The answer to this question is likely to be complex. The period covered World War II, which included a dramatic shifting of the American population as well as economic upheaval and millions of men exposed to military life. Surely, large numbers of those men returned with Post Traumatic Stress Disorder, which was not really recognized until the Vietnamese War era and for which treatment is still under development.
It included the Fifties – that most complex American decade. On the surface it was suburbs, prosperity, television, and the first college generation. Underneath it had the communist witch hunts, the stirrings of the civil rights movement, the growth of psychedelics, and alienation and anomie.
The Sixties added the sexual revolution and the pill, civil rights activism, the war in Viet Nam and protests, and ended with three assassinations.
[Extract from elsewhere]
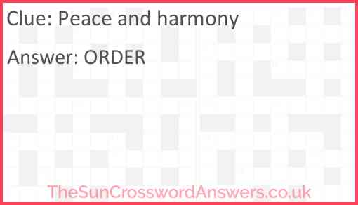 Peace and harmony is a crossword clue for which we have 1 possible answer and we have spotted 3 times in our database. This crossword clue was last seen on 18 April 2022 in The Sun Coffee Time Crossword puzzle!

The country seemed to split in two, and the rift has yet to heal.
But music played a large part in the spread of marijuana culture.
The traditional Creation Myth has marijuana spreading from the crews of Mexican and Caribbean ships in the Port of New Orleans to the bordellos of Storyville and then going up the Mississippi to Chicago with musicians like Kid Ory and Louis Armstrong. From there, Mezz Mezzarow, the Pied Piper of Pot, took his sax and some weed to New York in 1927, where he turned Harlem on.
The Creation Myth is true as far as it goes, and it does support Anslinger’s testimony. But it doesn’t tell the whole story.
Those musicians of the 20s and 30s were a peripatetic bunch. They toured the entire U. S. by train, bus, and car. Louis Armstrong’s only marijuana bust was in LA; Charlie Parker learned about dope and weed while touring by car out of Kansas City.
Detroit Red (later known as Malcolm X) made a living selling reefers to New York musicians in the early- and mid-40s and followed them on tour with his supplies up and down the east coast. His source was the crews of coastal freighters from the Gulf of Mexico berthing in war-time New York.
But the main problem with the Myth is that it leaves out the bluesmen that also spread from the Mississippi to Chicago and Kansas City and also to St. Louis, Houston, Los Angeles, and Atlanta. They carried their music and weed with them, but they also played the early electric guitars that gave Les Paul his inspiration.
During the 20s, 30s, and 40s, music was as segregated as the rest of American society. Separate labels published and distributed “Colored” records and “Colored” radio stations played them. But no one could control the music once it was distributed or aired. White people, especially young ones, listened to Colored music; and by the 50s, some disk jockeys were broadcasting it on “White” stations. By the mid-50s, a few publishers like Sun Records were finding White singers who could sound “Colored” – Elvis was the prime example, and some Black artists like Fats Domino, Little Richard, and Ike Turner were playing to white audiences.
Some of the biggest fans were in England, where the blues, especially, fuelled a new sound by groups like the Yardbirds and the Animals. Rock and Roll was here to stay.
The intelligentsia and the Beats had their jazz; the college crowds, their folk music; and the teens had rock n’ roll. The Civil Rights movement turned gospel and folk into songs of protest and rebellion. They all came together in the new urban youth culture in places like San Francisco and Greenwich Village.
And grown-up American stared in horror at this cuckoo’s egg hatching in its nest: a hatchling whose peeps were amplified by Stratocasters and Gibson Les Pauls through Marshall amps. This hatchling came of age at Monterrey, Woodstock, and Altamont.
We may never trace the exact sources of the taste for marijuana that blossomed during this time. The causes are multiple and obscure.
We can be sure, however, that the medium through which that taste spread from coast to coast, from rich to poor, from drop-out to Ph.D., was the new evolving music.
Now, excuse me while I go listen to Jimi Hendrix play “The Star Spangled Banner.”